Analysts see growing signs of housing market slowdown ahead
The US mortgage market has seen another drop in applications, with both refinance and purchase loan activity declining further as demand tumbles.
According to the Mortgage Bankers Association, overall mortgage applications were down 6.3% on a seasonally adjusted basis from one week earlier. Applications haven’t fallen this much since 2000.
“Similarly, with most mortgage rates more than two percentage points higher than a year ago, demand for refinances continues to plummet, with MBA’s refinance index also falling to a 22-year low,” said Joel Kan, MBA’s associate vice president of economic and industry forecasting.

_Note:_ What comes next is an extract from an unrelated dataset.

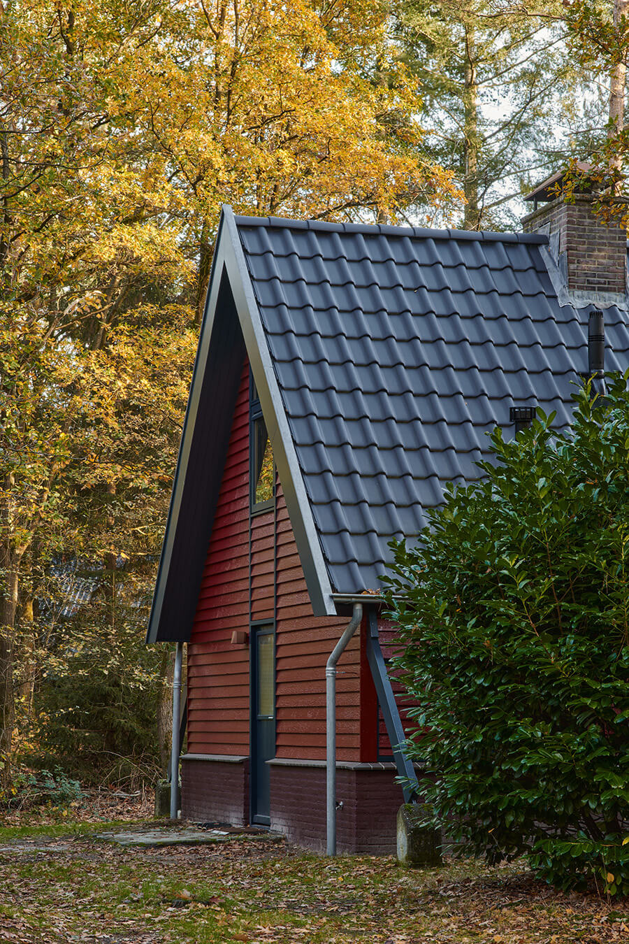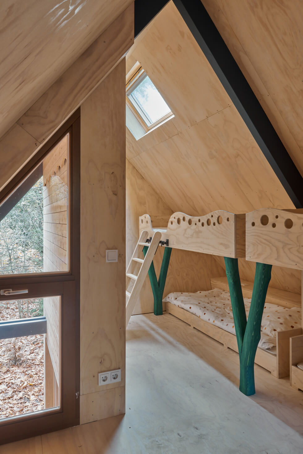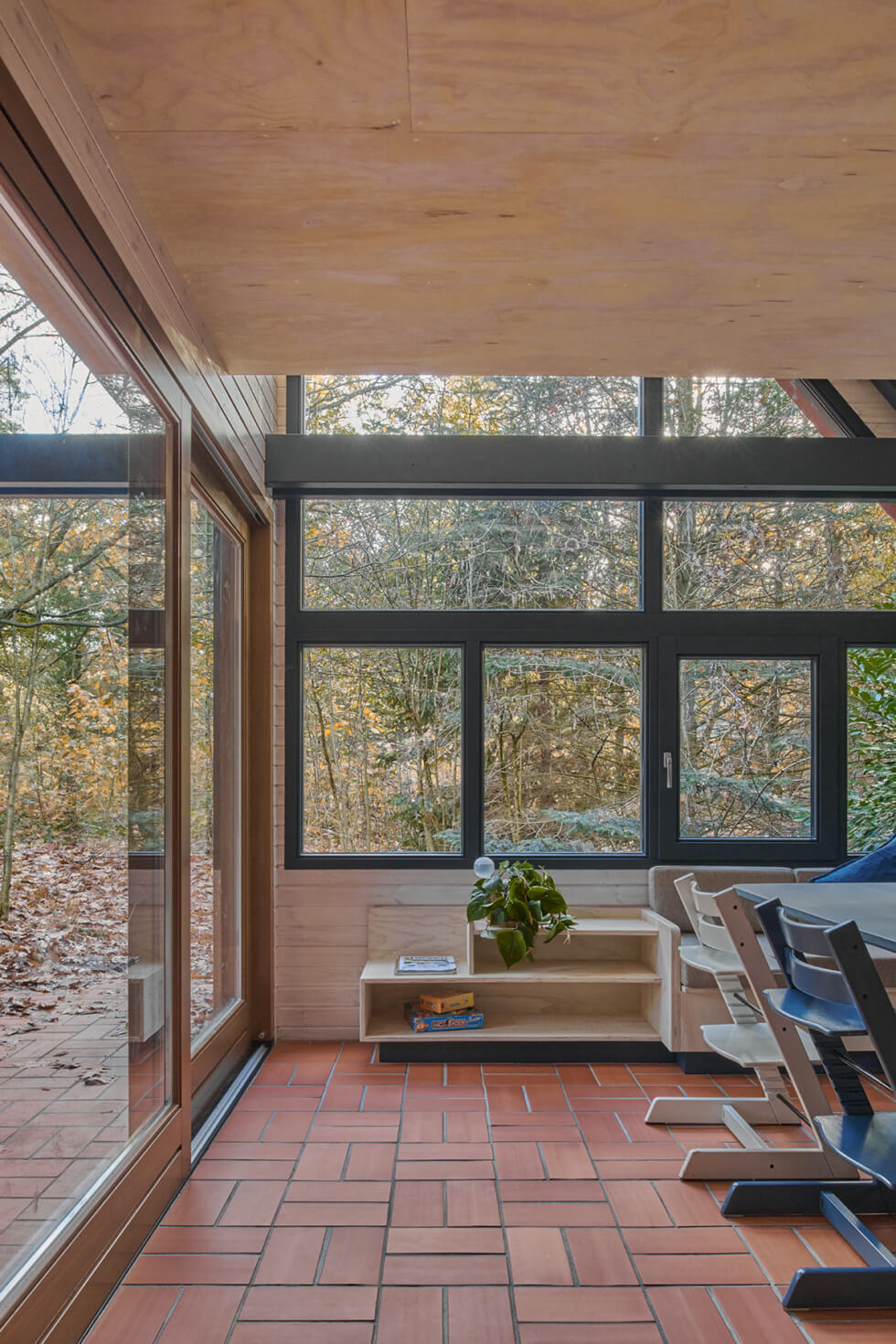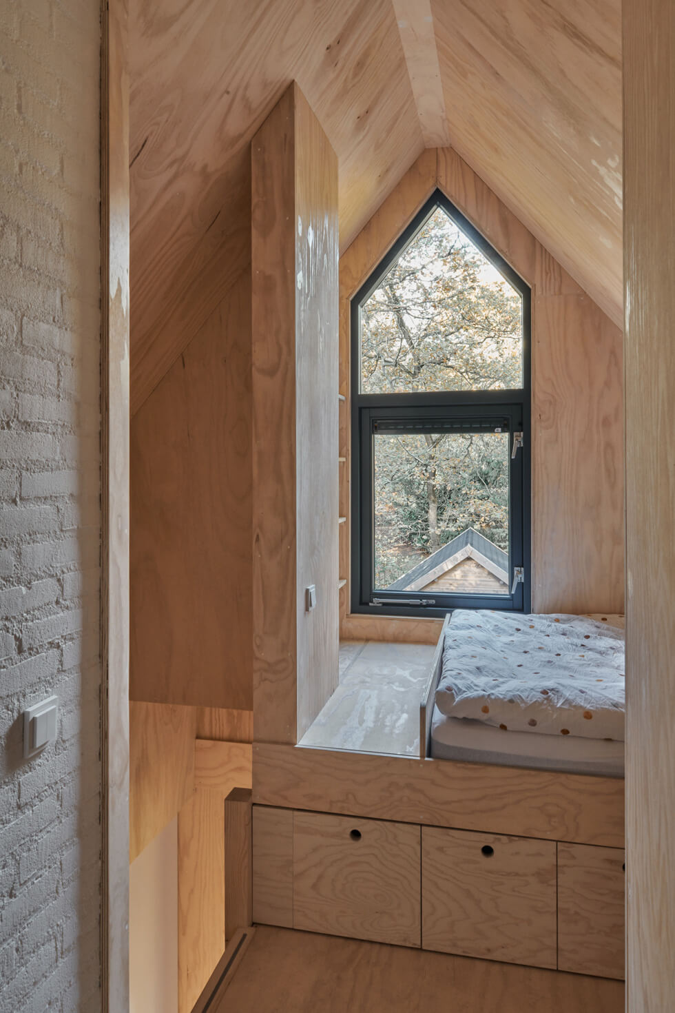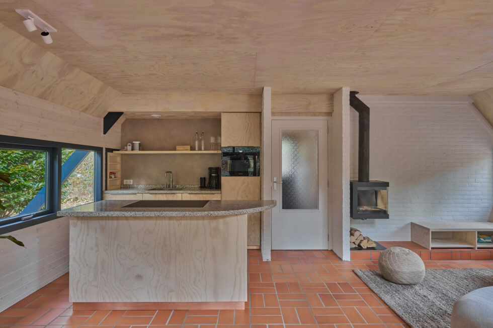 Recently completed just this year, the Holiday House Herperduin is in Herpen, Netherlands. The property spans roughly 915 square feet and stands on a small clearing. The location is a “forest park near the Herperduin nature reserve, surrounded by heathlands, ponds, and sand drifts,” writes the studio.

MBA’s refinance and purchase indices – seasonally adjusted – posted week-over-week declines of 4% and 7%, respectively. Consequently, the refinance share of mortgage activity grew six basis points to 31.4% of total applications. The adjustable-rate mortgage (ARM) share of activity decreased to 9.5% of total applications.
Read more: Refinance applications see double-digit increase
“Purchase activity declined for both conventional and government loans, as the weakening economic outlook, high inflation, and persistent affordability challenges are impacting buyer demand,” Kan said. “The decline in recent purchase applications aligns with slower homebuilding activity due to reduced buyer traffic and ongoing building material shortages and higher costs.”
The dynamics of soaring mortgage rates and house price growth will continue to slow down activity in the single-family purchase market, Freddie Mac said in its new quarterly forecast. The 30-year fixed mortgage rate is expected to average 5% this year and 5.1% in 2023. That is compared to its 3% average in 2021.
Meanwhile, home price appreciation will likely remain high in 2022, averaging 12.8% before slowing to 4% in 2023. House price growth was 17.8% in 2021.
“The Federal Reserve’s action to help manage inflation has created significant volatility in mortgage rates and, by extension, the housing market,” said Freddie Mac chief economist Sam Khater. “Although house price appreciation will grow at a more moderate rate, home prices remain high relative to homebuyer incomes. Taken together, these factors are exacerbating affordability challenges and causing a slowdown in the housing market.”